BRIEF DESCRIPTION OF THE DRAWING
[0013] FIG. 1 is a schematic diagram of a fuel cell system
according to an embodiment of the invention.
[0014] FIG. 2 is a schematic diagram of a reformer of the fuel cell
system of FIG. 1 according to an embodiment of the invention.
[0015] FIG. 3 is a graph illustrating a relationship between an
oxygen-to-carbon ratio and a temperature of the reformer.
[0016] FIG. 4 is a coking diagram.
[0017] FIG. 5 is a graph illustrating a relationship of hydrogen
production as a function of an oxygen-to-carbon ratio.
[0018] FIG. 6 is a flow diagram illustrating a technique to
minimize coke formation in a reformer according to an embodiment of
the invention.
DETAILED DESCRIPTION
[0019] Referring to FIG. 1, in accordance with embodiments of the
invention described herein, a fuel cell stack 20 of a fuel cell
system 10 receives fuel and oxidant flows for purposes of producing
electrical output power for an external load (not shown in FIG. 1)

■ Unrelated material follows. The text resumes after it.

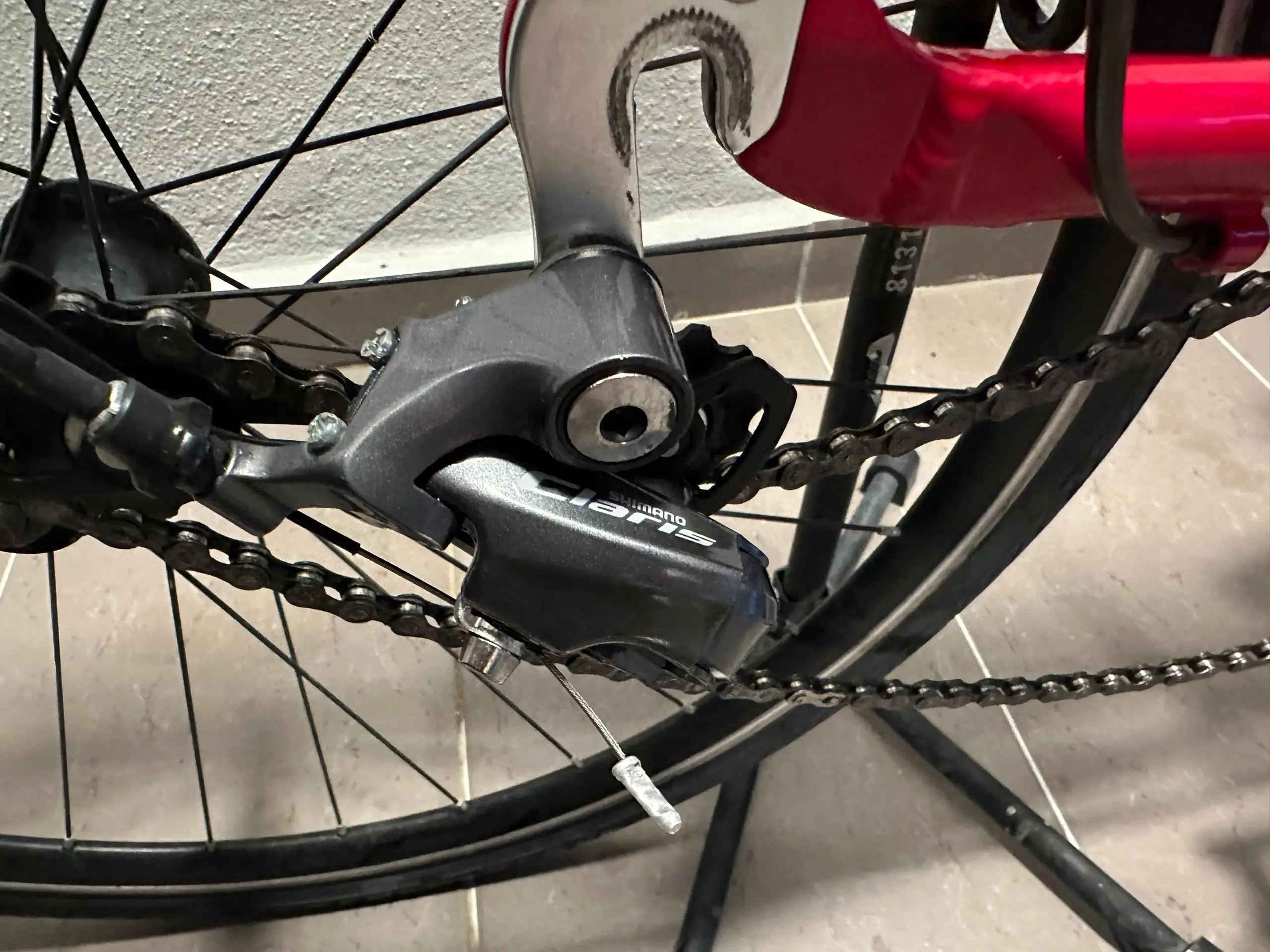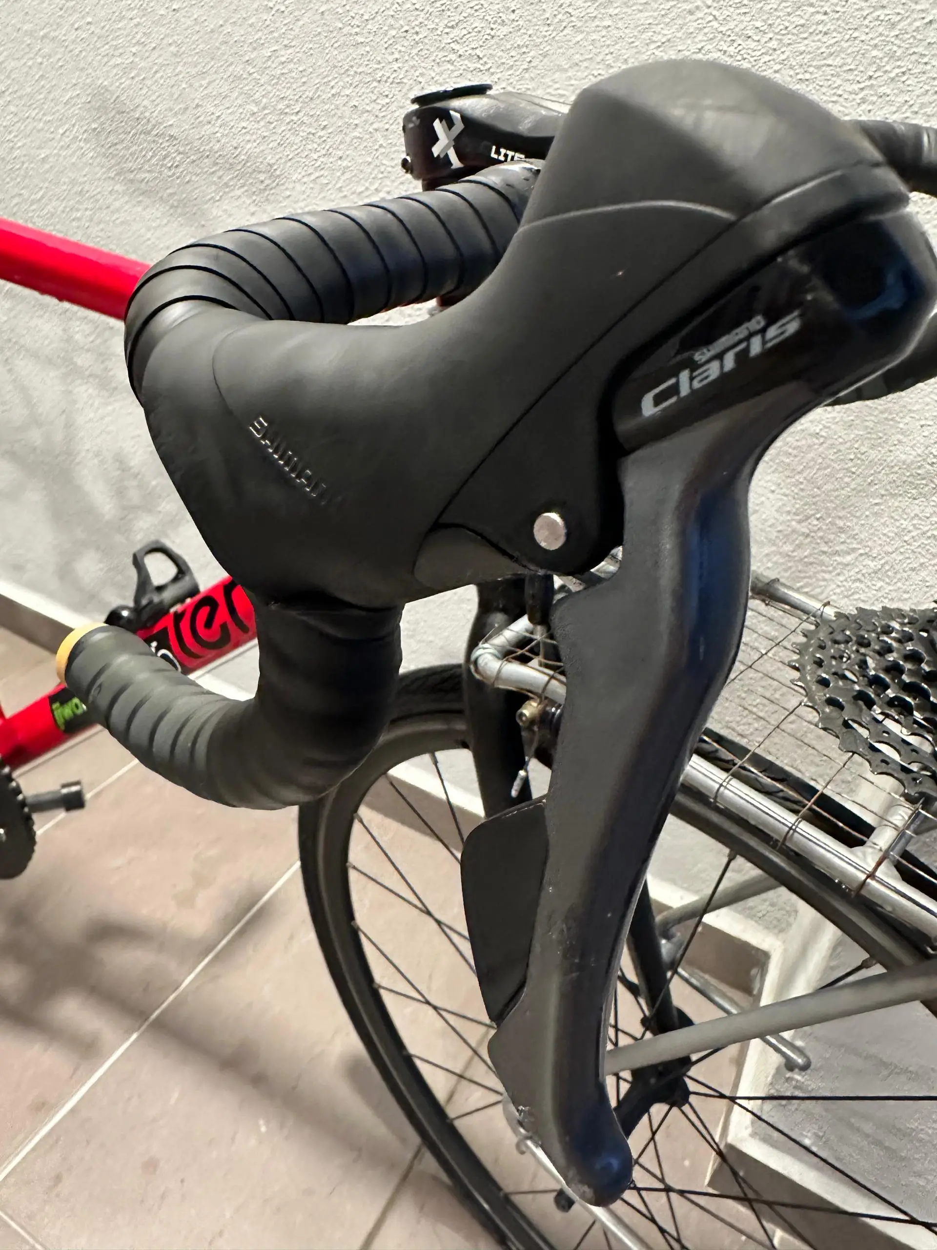 b) Groupset Shimano Claris, single chairing, 9 speed and brake caliper.

of the system 10. More particularly, the fuel cell stack 20
includes an anode inlet 22 that receives a reformate flow from a
reformer 40 of the fuel cell system 10. The fuel flow flows through
the anode chamber of the fuel cell stack 20 to promote
electrochemical reactions inside the stack 20, and the fuel flow
produces an anode exhaust flow, which appears at an anode outlet 24
of the stack 20. An anode tailgas oxidizer (ATO) 45, which may be
part of the reformer 40, combusts remaining fuel in the anode
exhaust during normal operation of the fuel cell system 10. The
oxidant flow to the fuel cell stack 20 is provided by an oxidant
source 30 of the fuel cell system 20 and is received at a cathode
inlet 26 of the fuel cell stack 20. The oxidant flow promotes
electrochemical reactions inside the fuel cell stack 20 and
produces a corresponding cathode exhaust, which appears at a
cathode outlet 28 of the stack 20.
[0020] It is noted that the oxidant source 30 may have many
different designs, depending on the particular embodiment of the
invention. In this regard, the oxidant source 30, in accordance
with some embodiments of the invention, may be formed from a
cathode air blower and a three-way valve, as further described in
U.S. patent application Ser. No. ______, entitled, "CONTROLLING
OXIDANT FLOWS IN A FUEL CELL SYSTEM," which has a common assignee
with this application, is filed concurrently herewith and is hereby
incorporated by reference in its entirety.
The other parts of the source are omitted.